The municipal authorities were finally able to start to collect and bury the bodies that had been on the streets, the city’s deputy mayor, Sergei Orlov, told the BBC.
City officials estimated that 1.67 civilians have died so far, Orlov said.
“There is no possibility of private graves, due to the large number and the continuous bombing.

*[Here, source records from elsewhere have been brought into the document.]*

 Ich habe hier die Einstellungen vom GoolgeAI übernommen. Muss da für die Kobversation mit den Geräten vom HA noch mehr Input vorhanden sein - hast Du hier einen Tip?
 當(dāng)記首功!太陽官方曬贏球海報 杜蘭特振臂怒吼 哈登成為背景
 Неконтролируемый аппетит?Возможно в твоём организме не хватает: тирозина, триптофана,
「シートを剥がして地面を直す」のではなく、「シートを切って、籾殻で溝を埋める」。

They are being placed in mass graves,” he said.
Berg said the news of the mass graves spread through chat groups of Telegram that people use to monitor the situation within the city.
“We have no news of our friends, all we know is that may be buried in those mass graves”, he pointed out.

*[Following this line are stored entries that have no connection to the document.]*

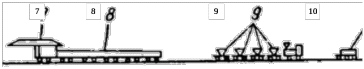 Укладка пути осуществляется с помощью путеукладочного состава, который состоит из путеукладочного крана, платформ с путевыми звеньями, хоппер-дозаторов со щебнем, подбивочных машин. На рисунке 2.5 приведены следующие обозначения: 7 – путеукладочный кран, 8 – платформа с путевыми звеньями, 9 – хоппер-дозаторы со щебнем, 10 – подбивочные машины [5].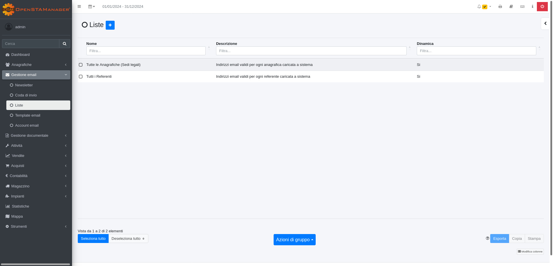 Il modulo Liste permette all’azienda di creare dei gruppi di destinatari da utilizzare nell' invio delle email.
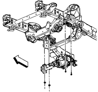 9. На автомобилях серии 1500 отверните гайки крепления правой стороны картера дифференциала.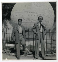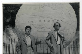 Salvador Reyes y Luis Oyarzún [Fotografía]. Swanage, Inglaterra ; [Producción no identificada], 1949. 1 fotografía : Monocromo en blanco y negro, 5,5 x 5,5 cm. .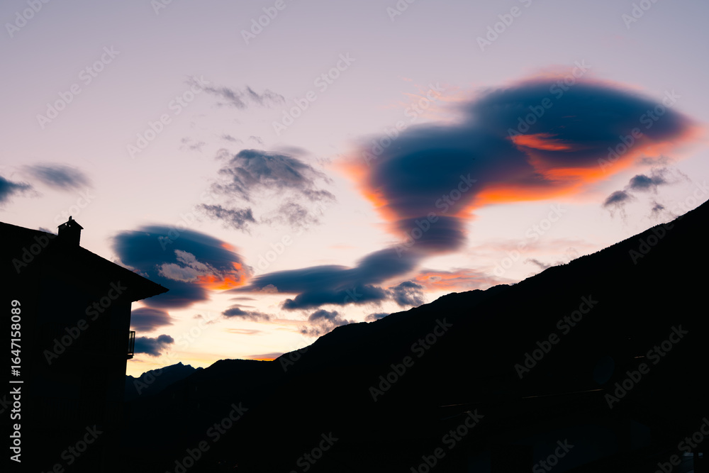 Pastel pink lenticular clouds drifting over mountain silhouette in serene evening sky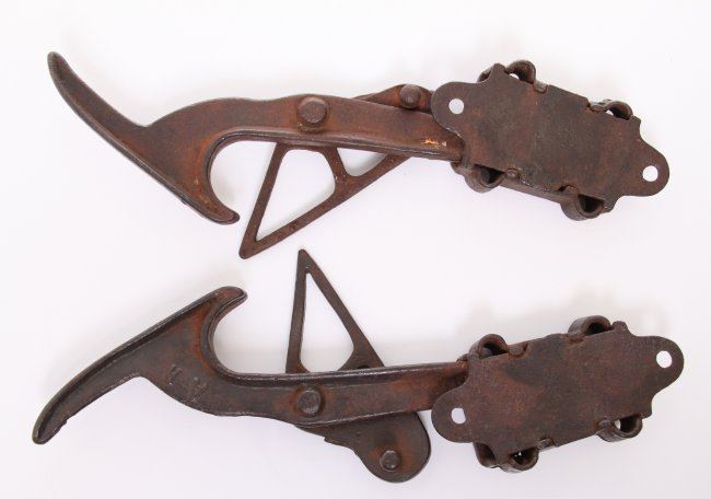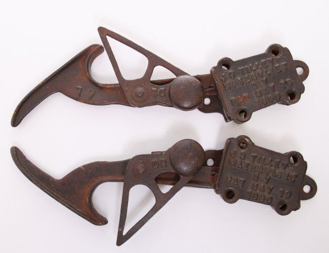 Two(2) antique Iron extension ladder ratcheting brackets JS Tilley Watervliet NY 1896 SIZE: see attached ruler photo. Photos are part of the description representing the condition report and can be used for authentication prior to the sale date. Pangaea Auctions urges Bidder's to view all attached photos in detail.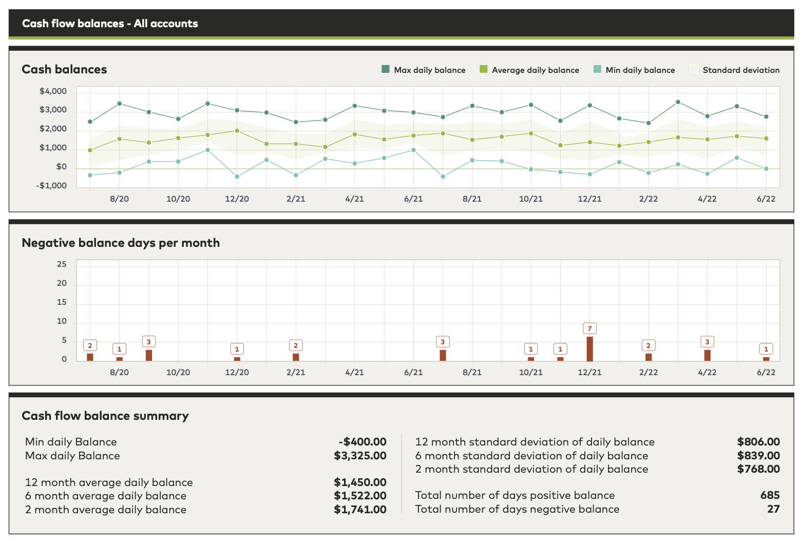 Câmpurile de abatere standard indică cât de mult fluctuează soldul tău față de soldul mediu în acea perioadă. De exemplu, dacă soldul mediu din ultimele 12 luni este de 1.450 USD și abaterea standard pentru aceeași perioadă de 12 luni este de 806 USD, atunci soldul fluctuează între 644 USD și 2.256 USD.

Numerous attempts planned for the evacuation of the residents of Mariupol collapsed in the last five days after Russian forces resumed shelling the city, despite ceasefire agreements.
Orlov said that city officials were ready at any time to implement evacuation plans, but no agreement could be reached with Russia on the establishment of the evacuation plan. nt of a humanitarian corridor.
The interim mayor added that a group of 82 citizens tried to leave Mariupol on Thursday in a private car and passed a Ukrainian checkpoint, but were forced to turn back as Russian forces fired near the cars, blocking their path.
Orlov’s own parents and brother are still trapped inside a heavily bombed Mariupol neighborhood, he said, and he had not been able to communicate with them for nine days.
There are now growing fears of a serious humanitarian crisis inside Mariupol, following widespread reports that people are trying to get water out of the snow and have no access to food or medicine.
Food crisis
Oleksandr Protyah, an English teacher from 43 years, i indicated that her mother and a close friend were trapped within the city and that her friend may have run out of diabetes medication.
“I managed to get her insulin on the first day of the war, but it is over or it will be over soon,” he said. “This is a humanitarian catastrophe”.
There will also be a food crisis soon, MP Gurin said.
“The next thing will be hunger,” he said. “ This is not a joke, in a week there will be famine in central Europe”.
In response to the attack on the Mariupol hospital on Wednesday, the city’s mayor, Vadym Boychenko, accused Russian forces of “ a total evil that has no explanation”.
“How can this be justified?” he expressed. “This is a genocide organized by Russia against our people.”
What Russia said
Russia claimed that the maternity ward destroyed in the attack was taken over by Ukrainian troops long before it was attacked, but images of the scene captured by the AP news agency showed medical personnel outside after the blast and a pregnant woman being carried out of the building on a stretcher.
“Thank God most people were already in the bomb shelter,” said Orlov, the deputy mayor. “Otherwise, it would have been much worse.”
Ukrainian President Volodymyr Zelensky qualified the attack as an “atrocity” and reiterated his call for world powers to impose a no-fly zone over Ukraine, a request that has so far been denied.
Kuleba, the Ukrainian foreign minister, said Thursday that his Russian counterpart, Sergei Lavrov, told Ukrainian officials that Russia will continue its aggression until Ukraine meets all its demands, including surrender.
Svitlana Libet contributed to this report.